South African historian and academic (1920–2012)

Godfrey Hugh Lancelot Le May (1920–2012) was a South African historian and academic. He became a Fellow and Dean of History at Worcester College, Oxford.

==Early life==
He was born on 7 September 1920 in South Africa, the son of Hugh Le May, and was educated at Ridge School and Michaelhouse. In 1939 he was working as a reporter on the Johannesburg Star.

Le May graduated B.A. from Rhodes University College as a Milner Prizeman in 1941. In 1942 he was in Khartoum as Assistant Editor on The Sudan Star.

In 1948 Le May entered Worcester College, Oxford, and graduated in Modern History in 1950. In 1951 he was an Official British War Historian.

==University of the Witwatersrand==
In 1953 Le May became the first Professor at the University of the Witwatersrand in the new department of Local Government and Public Administration. His teaching came to be in the area of practical politics, and he worked against apartheid in academia. He gave public lectures, and wrote for the Rand Daily Mail.

Le May and the lawyer Rex Walsh were involved with Robert Birley and his wife Elinor Margaret née Frere during the Birleys' time at the university from 1964 to the end of 1966. It was a period of campaigning against apartheid, and contacts with Nelson Mandela and Winnie Mandela, particular over their daughters' schooling.
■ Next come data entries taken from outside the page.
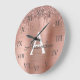 Rose Gold - Rosa Rosa Glitzer Metal Monogramm Name Große Wanduhr
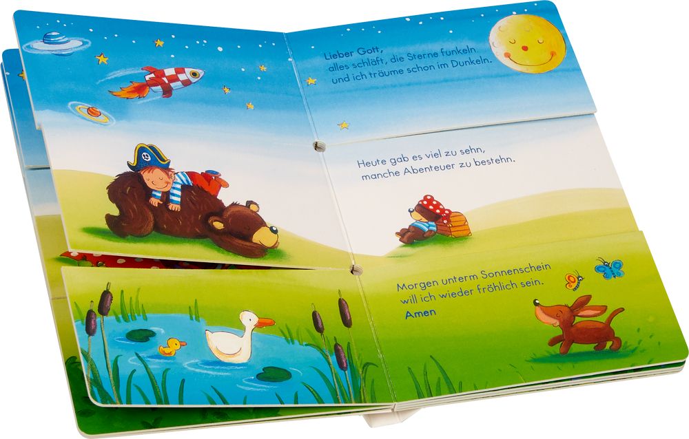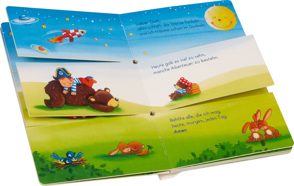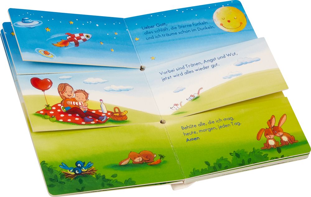 - Dieses Buch ist eine wunderbare Alternative zu Gebetswürfeln, denn hier entstehen durch das Umklappen der dreigeteilten Seiten aus 6 Gebeten mehr als 200! Über das Umblättern und Mixen der Buchseiten können Kinder selbst entscheiden, welches Gebet sie heute sprechen möchten, und lernen ganz nebenbei spielerisch das Beten.
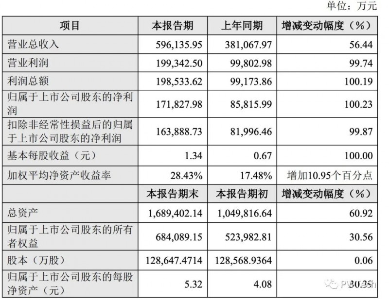 3月8日晚間,晶盛機電(300316.SZ)發(fā)布2021年度業(yè)績快報,報告期內(nèi),公司營業(yè)總收入約59.61億元,同比增加56.44%;歸屬于上市公司股東的凈利潤盈利約17.18億元,同比增加100.23%;基本每股收益盈利1.34元,同比增加100%。
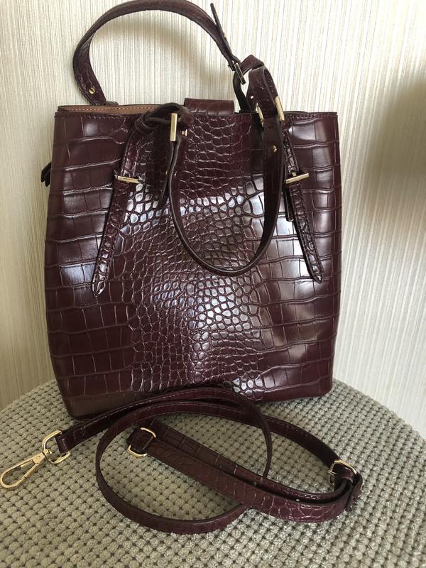 Класна сумка-тоут з імітацією шкіри крокодила в актуальному бордовому кольорі від Zara. Є довгий ремінець
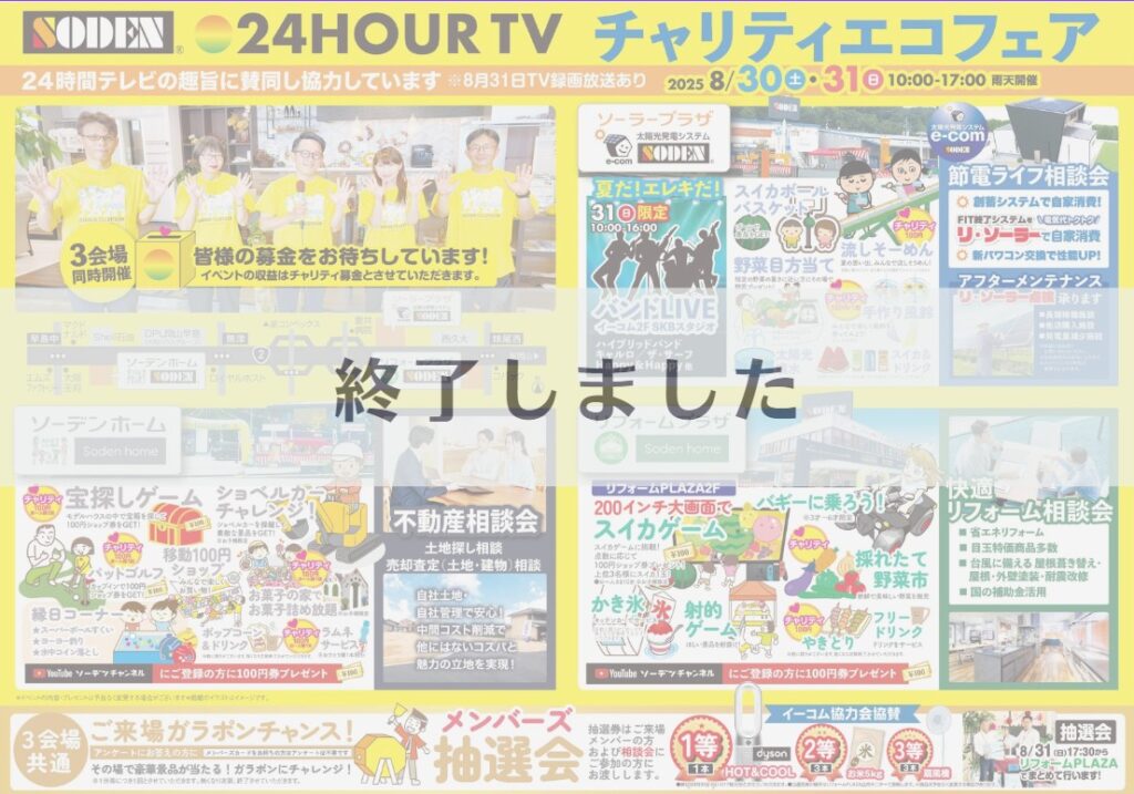 ソーデンホーム・リフォームプラザ・太陽光発電イーコムの3会場にて同時開催致します。
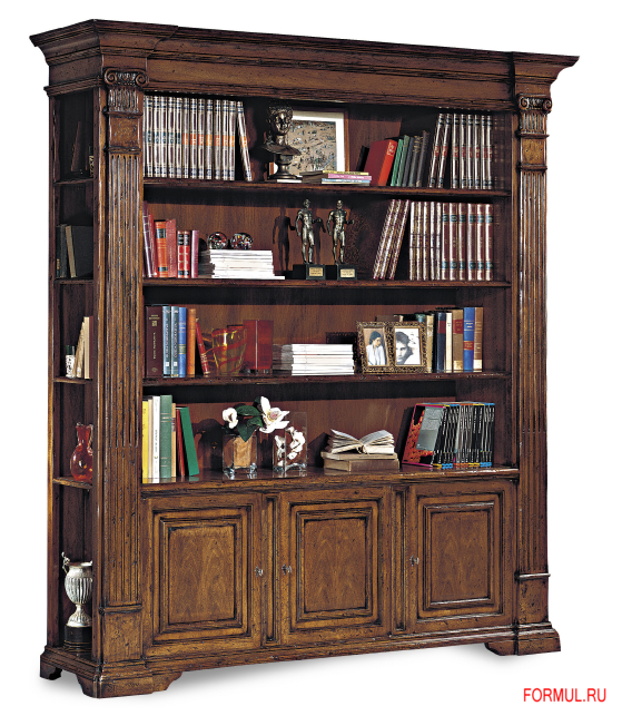 Книжный шкаф с открытый полками из орехового дерева и закрытой секцией в основании.
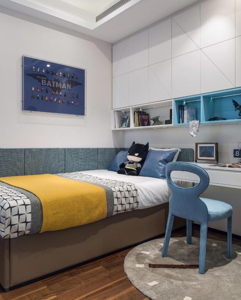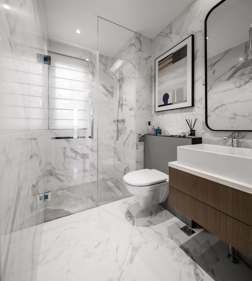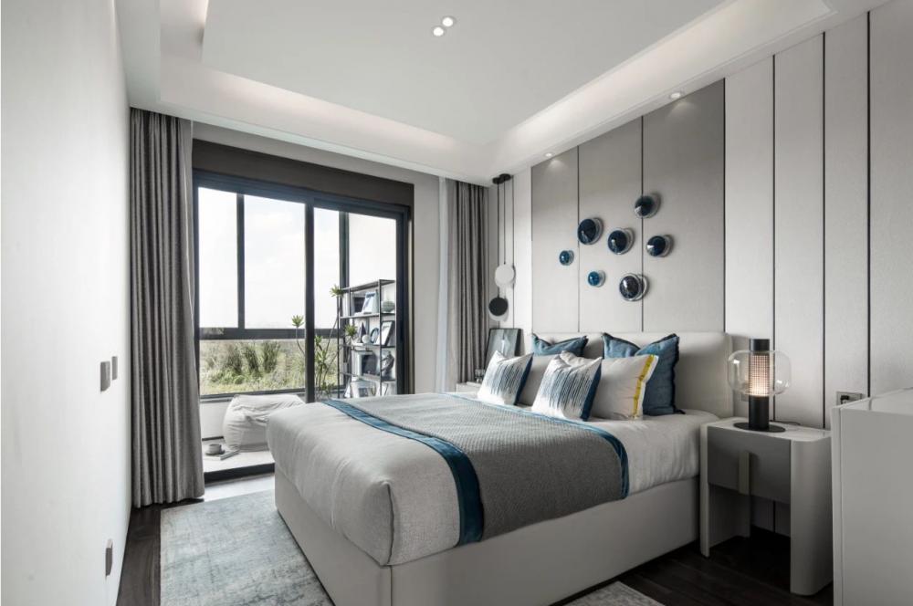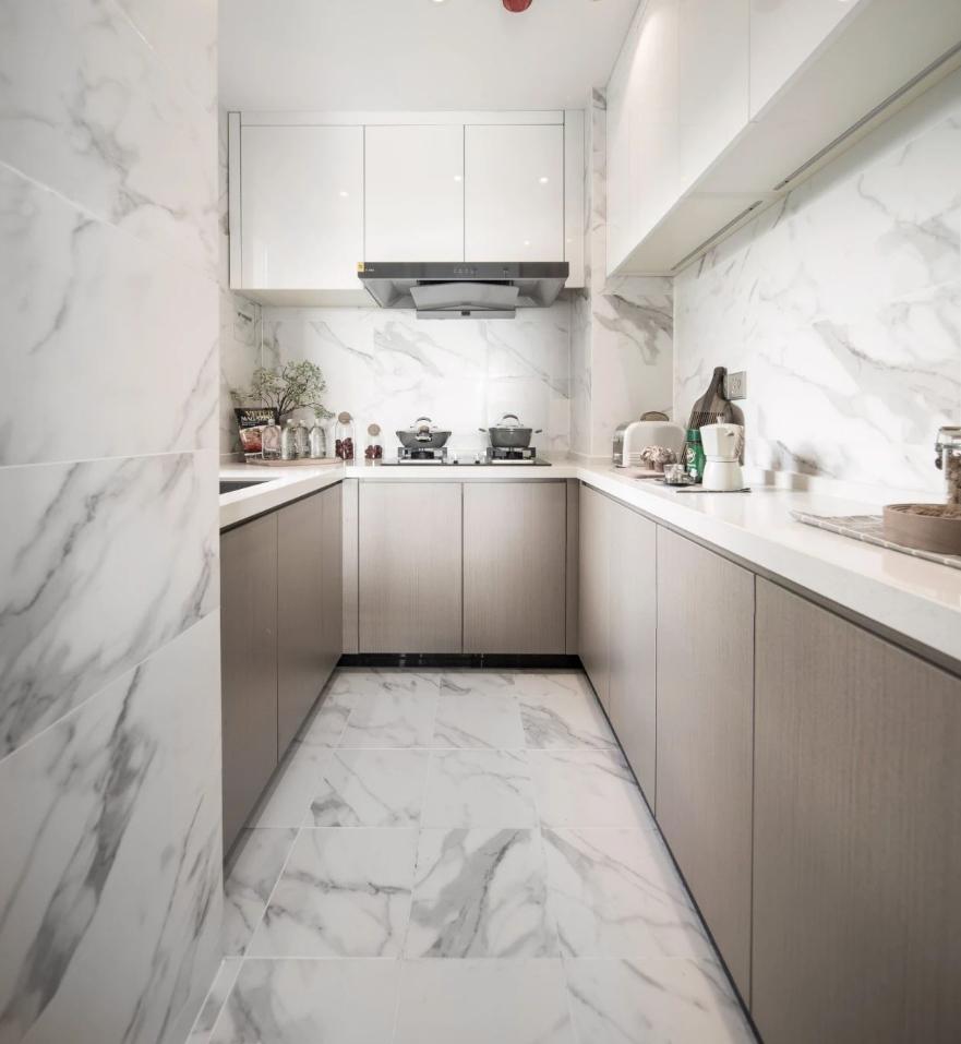 這個房子是套內(nèi)面積57平米,整體設(shè)計以年輕舒適的現(xiàn)代風(fēng)為設(shè)計主題,布置上精致優(yōu)雅的軟裝擺設(shè),點綴上精致華麗的細(xì)節(jié)設(shè)計,營造出一種優(yōu)雅端莊的高檔氛圍感。 ▲餐廳處于進(jìn)入玄關(guān)后的第一個空間,整體現(xiàn)代范的高級灰設(shè)計,搭配上優(yōu)雅精致的家居軟裝布置,營造出一種華麗優(yōu)雅的精致與檔次感。 ▲餐廳背景墻以灰色硬包的質(zhì)感,中間加入黑色線條裝飾,掛著一幅圓形的彩色珠圖案裝飾畫,布置現(xiàn)代華麗的石材臺面餐桌,還有皮質(zhì)的餐椅,讓空間顯得更加溫雅華麗。 ▲廚房也是雅白的墻面地面,布置U形操作臺,讓做飯空間也更加時尚舒適而自然。 ▲餐廳與客廳空間的風(fēng)格保持一致,客廳采取無主燈的設(shè)計,天花四周加入燈帶的裝飾,布置現(xiàn)代優(yōu)雅的家具與硬裝設(shè)計,帶來的是溫馨舒適的高級氣質(zhì)。 ▲靠窗陽臺打通后,以金屬質(zhì)感把門洞裝飾起來,陽臺側(cè)邊的置物架,擺上清新的多肉盆栽,也是顯得更加清新自在。 ▲休閑陽臺布置懶人沙發(fā)椅與收納架,也是顯得更加生機舒適。 ▲兒童房空間較小,布置榻皮藝床+書桌組合,書桌上方還有吊柜書架組合,加入藍(lán)色與黃色的的搭配,讓空間顯得更加自然舒適。 ▲臥室床頭墻也是硬包的造型,中間部分深灰色的設(shè)計還掛了一組獨特的藍(lán)色鈕扣狀裝飾。 ▲衛(wèi)生間以雅白的墻面地面,玻璃作為干濕分區(qū)的隔斷,布置簡約時尚的洗手盆,帶來一個簡潔時尚的衛(wèi)浴空間。
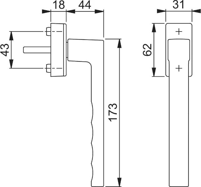 - Trzpień: pełny HOPPE, zakres regulacji długości trzpienia 10mm, bezstopniowa regulacja poprzez wbudowaną sprężynę wewnątrz klamki

Le May in 1964 replaced Hermann Hahlo on the University Council. He became Dean of Arts there, and resigned in 1967, moving in 1968 to Oxford. He left with a reputation as "an authority on the Milnerite reconstruction in the aftermath of the Anglo-Boer War."

==Later life==
From 1967 Le May had a position as Fellow and Tutor in Politics at Worcester College, Oxford, to 1990, when he retired. He dies as an emeritus Fellow of the College in 2012.

==Family==
Le May married, firstly in 1943 at Khartoum, Jean Elysoun Lynedoch Graham, daughter of Gavin L. Graham and his wife Hester Cloete; the couple had one daughter. The marriage was dissolved in 1956. He married secondly Marian Isabel Watson.

==Works==
- British Government, 1914-1953, London: Methuen, 1955
- Freedom and Authority; text of an address given 5 September 1962, Johannesburg: Witswatersrand Univ., 1963
- British Government, 1914-1963, London: Methuen, 1964
- British Supremacy in South Africa, 1899-1907, Oxford: Clarendon, 1965. A review by Eric Thomas Stokes commented that the work was "more in the nature of a careful, interpretative essay than a definitive monograph", and noted that the use very largely of British records was a flaw shared with other works that also neglected South African agency. It has been considered a sequel to The Fall of Kruger's Republic (1961) by JS Marais.
- South Africa, the future: text of an address by Prof. G.H.L LeMay, 5 September 1967, Cape Town: C.A. Alger, 1967
- Black and White in South Africa, New York: American Heritage, 1971
- The Victorian Constitution, New York: St. Martin, 1979. A review by J. Morgan Sweeney of Michigan State University commented that Le May "sets as his task the elaboration of Victorian constitutional conventions, those "customs, usages, understandings and beliefs" which underlay the political process in the period between the parliamentary reform bills of 1832 and the outbreak of World War I in 1914."